DEMO:http://jsfiddle.net/c4ewU/

演示：http : //jsfiddle.net/c4ewU/

The most portable method to obtain a list of elements is document.getElementsByTagName. However the resulting list is a live node listwhich means that if you modify the document, the list changes too!

获取元素列表的最便携方法是document.getElementsByTagName. 然而，结果列表是一个活动节点列表，这意味着如果您修改文档，列表也会更改！

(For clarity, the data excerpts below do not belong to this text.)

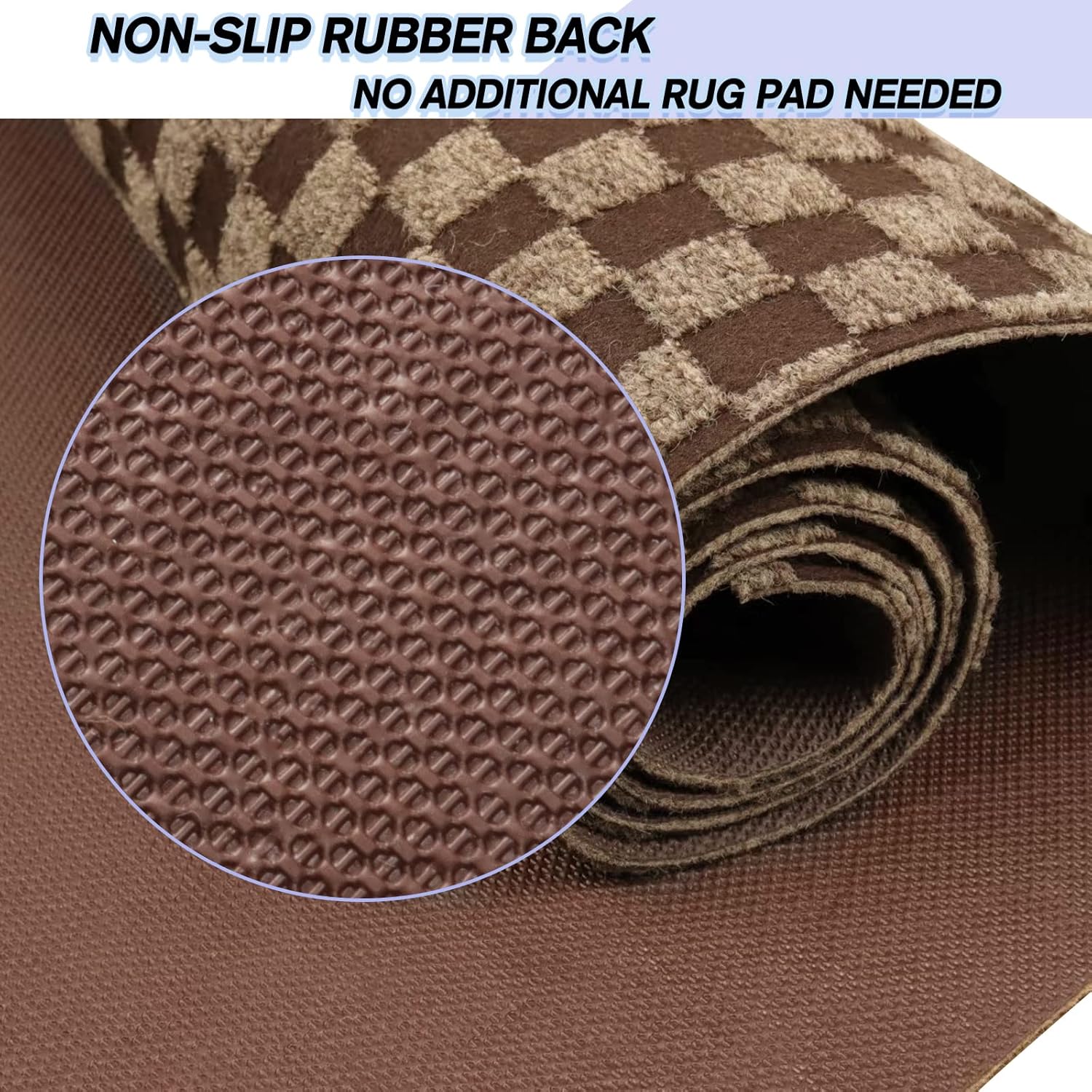 Custom Size Backed Non-Slip Area Rugs Runner, Easy Clean, Waterproof Runner Rugs for Hallway Entryway, Kitchen, Laundry, 3FT x 60FT, Brown Checkered
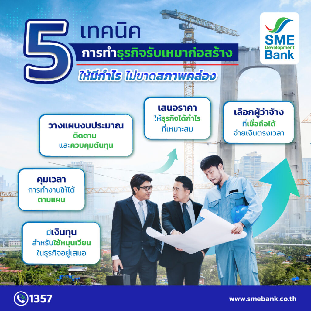 ธนาคารพัฒนาวิสาหกิจขนาดกลางและขนาดย่อมแห่งประเทศไทย ขอแนะนำ 5 เคล็ดลับทำกำไรให้กับ “ธุรกิจรับเหมาก่อสร้าง” เพื่อนำไปปรับใช้กับธุรกิจ ตอบความต้องการของตลาดได้อย่างตรงจุด และให้ธุรกิจรับเหมาก้าวไปข้างหน้าได้อย่างมั่นคงและยั่งยืน
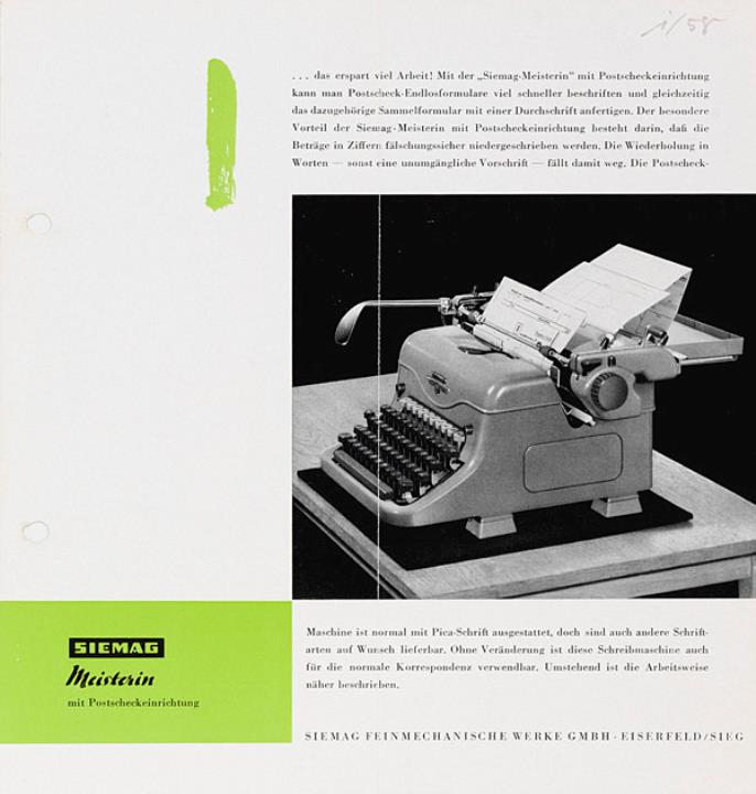 Faltprospekt für Schreibmaschine Siemag Meisterin mit Postscheckeinrichtung Nr. 038/3V
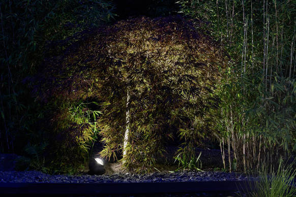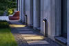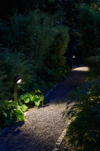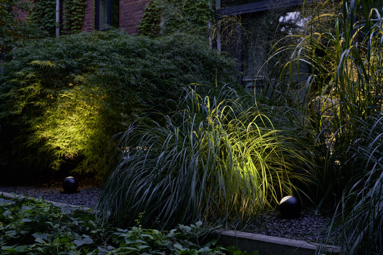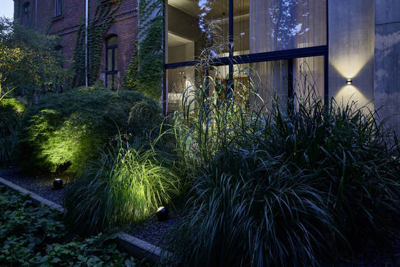 Im Garten ist die Architektur von verspielten Sträuchern und Gräsern geprägt. Sie werden punktuell von Sito basso Bodenstrahlern illuminiert, so dass kleine Lichtkuppeln entstehen, die die ästhetische Struktur des Gartens auch nachts nachzeichnen und gleichsam etwas Zauberhaftes bergen.
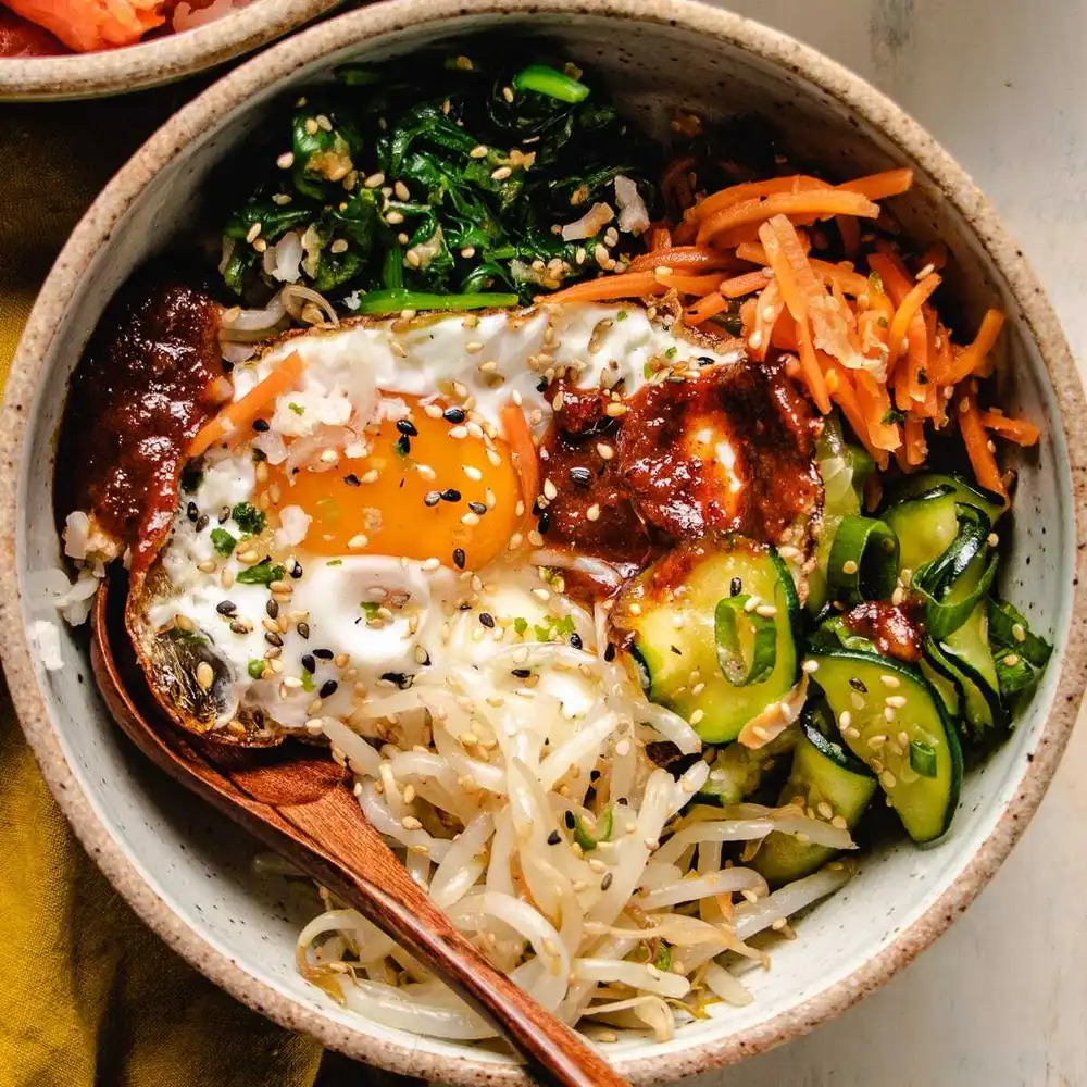- 2Top with beef bulgogi, sautéed carrots, seasoned spinach, grilled zucchini, and blanched bean sprouts.

There are two solutions for this. One is to take a copy of the list:

对此有两种解决方案。一种是复制一份清单：

var nodes = document.getElementsByTagName('div');
var copy = [].slice.call(nodes, 0);   // take a copy

for (var i = 0, n = copy.length; i < n; ++i) {
    var d = copy[i];
    if (d.parentNode && d.id.indexOf('bs') >= 0) {
        d.parentNode.removeChild(d);
    }
}

The second is to either work through the list backwards, or ensure that you don't advance the iterator if you modify the list. This takes the latter approach:

第二种方法是向后遍历列表，或者确保在修改列表时不推进迭代器。这采用后一种方法：

var nodes = document.getElementsByTagName('div');
for (var i = 0; i < nodes.length; /* blank */ ) {
    var d = nodes[i];
    if (d.id.indexOf('bs') >= 0) {
        d.parentNode.removeChild(d);
    } else {
        ++i; // iterate forward
    }
}

try this code first get all elements contain certain text (here 'bs')

尝试此代码首先获取包含特定文本的所有元素（此处为 'bs'）

var matches = [];
var searchElements = document.getElementsByTagName("body")[0].children;
for(var i = 0; i < searchElements.length; i++) {
  if(searchElements[i].tagName == 'DIV') {
    if(searchElements[i].id.indexOf('bs') != -1) {
       matches.push(searchElements[i]);
    }
  }
}

Then delete them from body of html

然后从 html 正文中删除它们

for(var i = 0;i<matches.length; i++)
    matches[i].parentNode.removeChild(matches[i]);

If you remove them in the first loop, there will be some tags will not deleted as the children array length is decreased each time you delete a node. So the better way to get them all in an external array and then delete them.

如果在第一个循环中删除它们，则每次删除节点时子数组长度都会减少，因此某些标签将不会被删除。因此，将它们全部放入外部数组然后删除它们的更好方法。